The genomic sequence of the Chinese hamster ovary (CHO)-K1 cell line

From

BGI Group1

GT Life Sciences2

Shenzhen Hospital3

University of Delaware4

Center for Microbial Biotechnology, Department of Systems Biology, Technical University of Denmark5

Department of Systems Biology, Technical University of Denmark6

Stanford University7

Novo Nordisk Foundation Center for Biosustainability, Technical University of Denmark8

Network Reconstruction in Silico Biology, Novo Nordisk Foundation Center for Biosustainability, Technical University of Denmark9

Chinese hamster ovary (CHO)-derived cell lines are the preferred host cells for the production of therapeutic proteins. Here we present a draft genomic sequence of the CHO-K1 ancestral cell line. The assembly comprises 2.45 Gb of genomic sequence, with 24,383 predicted genes. We associate most of the assembled scaffolds with 21 chromosomes isolated by microfluidics to identify chromosomal locations of genes.

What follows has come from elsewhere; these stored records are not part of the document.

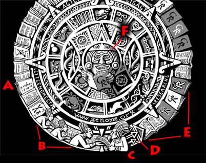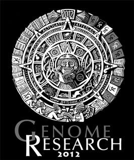 Illustrated design produced as a special conference T-shirt for the journal Genome Research in defiance of the then-predicted end of the world in 2012. Features a genomic-research version of the famous apocalypse-talisman itself, the Mayan Calendar, complete with its own cosmology (see next slide for details).
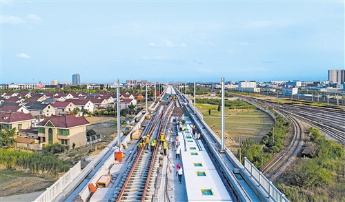 6月11日,鹽通高鐵施工人員在江蘇海安段進(jìn)行無砟軌道施工。
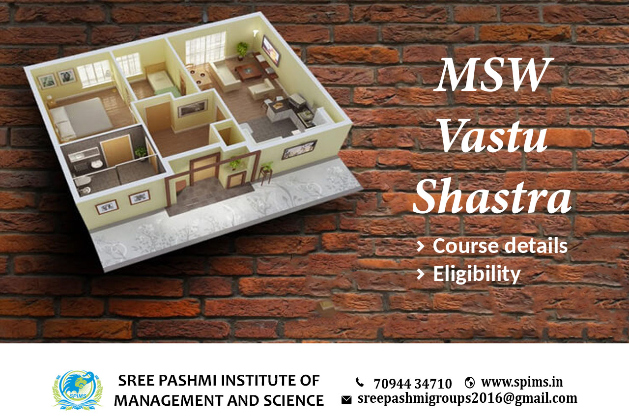 MSW in Vastu Shastra/ MSW in Vastu Shastra course / MSW in Vastu Shastra Degree/ MSW in Vastu Shastra Eligibility/ Scope of MSW in Vastu Shastra/ Salary of MSW in Vastu Shastra / Importance of studying MSW in Vastu Shastra/ Subject involved in MSW in Vastu Shastra course/ Benefits of taking MSW in Vastu Shastra/ MSW in Vastu Shastra in Online Education/ Career opportunities for MSW in Vastu Shastra graduate/MSW in Vastu Shastra distance education. Master of Social Work (MSW) in Vastu Shastra is a postgraduate course that combines the principles of Vastu Shastra with social work practices. The course is designed to provide students with a comprehensive understanding of Vastu Shastra and its application in social work. Vastu Shastra is an ancient Indian science of architecture and design that focuses on creating balance between the physical and metaphysical realms. MSW in Vastu Shastra is a that focuses on the principles and practices of this ancient science. Eligibility - To be eligible for the course, candidates must have a Bachelor's degree in any discipline from a recognized university. Some universities may require candidates to have a minimum percentage of marks in their Bachelor's degree. Here at Sree Pashmi Institute of Management and Science, you can find all types of UG, PG, Diploma, PG Diploma, and certificate programs in distance and online education modes. Enrolling in distance or online education courses via Sree Pashmi Institute of Management and Science, you can get UGC-approved degree certificates along with A+ grade mark sheets from your enrolled University. Also, we provide the students with exclusive online courses, live sessions, and other educational benefits.

Furthermore, we investigate genes involved in glycosylation, which affect therapeutic protein quality, and viral susceptibility genes, which are relevant to cell engineering and regulatory concerns. Homologs of most human glycosylation-associated genes are present in the CHO-K1 genome, although 141 of these homologs are not expressed under exponential growth conditions.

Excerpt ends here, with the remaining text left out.